2.0 had a problem when a file grow beyond 4 Gbyte, but 
2.1 has no prblem whatsoever with big discs.

We used adaptec 1542CP/CF and seagate 9Gbyte.

Maybe your trouble is connected to eide ?


Peter h
Steve Dyer (dyer@spdcc.com) wrote:
: I've been having a LOT of trouble installing a Maxtor 5.1gb EIDE drive
: into a system running BSDI 2.1 (I described this in more detail a
: few weeks ago).  I partitioned the drive using disksetup, with the
: usual small root (a) and swap (b) partitions, with the remaining 'h'
: partition using the rest of the drive's sectors.  This 'h' partition is
: 9772560 512-byte sectors in length.  A "newfs" followed by a mount
: works fine, but once the file system starts getting written to, it begins
: to develop errors (directories changing to garbage inodes, etc.)
: and the system inevitably crashes.

: I was a bit worried about the EIDE installation, but double-checked
: everything, and it seems OK.  So, I then worried whether I was seeing
: 4bg wraparound within the filesystem code.  I wrote a user-level test
: program which writes over each block in the unmounted 'h' partition
: with a array of 64 quad_t integers, with each array element containing
: the ordinal sector number of the sector.  So, sector 0 contains an array
: of 64 zeroes (each 8 bytes lone), sector 100 ... 64 100's, and so on.  

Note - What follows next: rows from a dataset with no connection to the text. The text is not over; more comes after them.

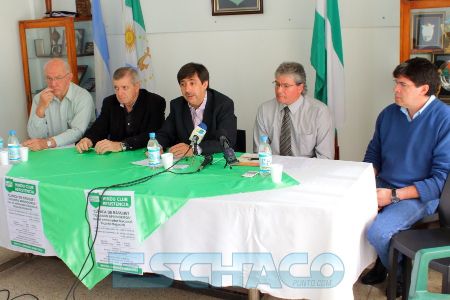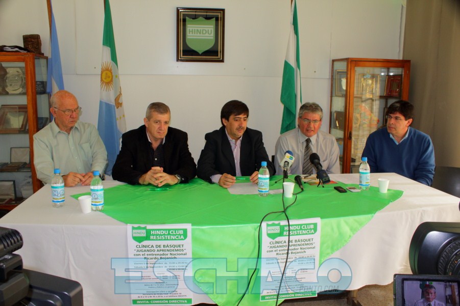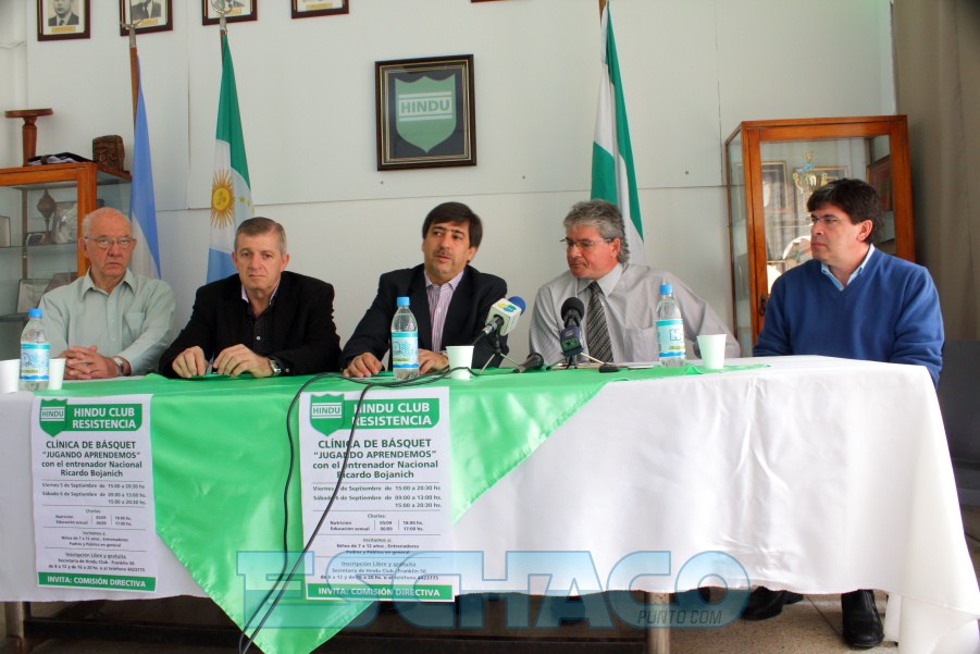 El presidente de Hindú Club, Gustavo Martínez junto a miembros de la Comisión Directiva y al entrenador Luís Cequeira anunciaron la realización de una clínica de básquetbol “Jugando Aprendemos” que contará con la participación del entrenador nacional Ricardo Bojanich y que se llevará a cabo este viernes de 15 hs a 20.30 hs, y el sábado de 9 hs a 13 hs y de 15 hs a 20.30 hs, en la sede del Club en Franklin 50.
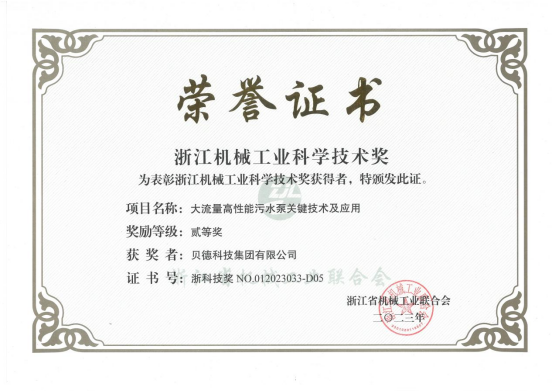 2023年12月,浙江省機械工業(yè)聯(lián)合會發(fā)布了《關(guān)于表彰2023年度浙江機械工業(yè)科學(xué)技術(shù)獎獎勵項目的決定》,表彰在機械工業(yè)科技工作中作出突出貢獻(xiàn)的單位和人員,共112個項目獲獎,其中一等獎14項、二等獎28項、三等獎70項,貝德科技集團有限公司憑借“大流量高性能污水泵關(guān)鍵技術(shù)及應(yīng)用”項目榮獲二等獎!
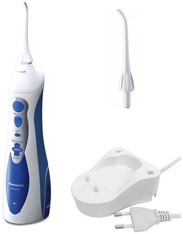 Уникальное предложение - ирригатор Panasonic EW1211 со средством очистки резервуара Fazzet в подарок (1 таблетка)! Модель производится много лет и зарекомендовала себя как самая надежная. Здесь используется уникальная технология «двойного насоса». Струя жидкости не только отлично насыщается пузырьками воздуха, но и пульсирует с высокой частотой. В корпусе присутствуют силиконовые вставки, благодаря чему он не выскальзывает из рук. Питание происходит от высококачественного встроенного аккумулятора с зарядкой от подставки с индукционным зарядным устройством (в комплекте).ссылка на него
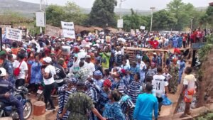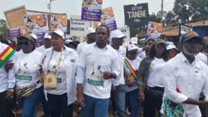 Lors de sa visite, TMB accompagné du Directeur Général Adjoint de l’OGP, de Marie Yvonne Coumbassa a drainé une foule compacte de l’entrée principale de la ville jusqu’au stade Konko Sylla.

: for each sector b from 0 until the end of the partition (sector 9772560)

: 	fill a buffer representing the sector with its ordinal position
: 	in each 8-byte longlong integer (fill in the buffer with 64
: 	copies of the integer b)

: 	set the write byte offset into the disk partition to b * 512
: 	bytes (this is an 8 byte long-long quantity, as supposedly is the
: 	BSDI internal representation of the write offset)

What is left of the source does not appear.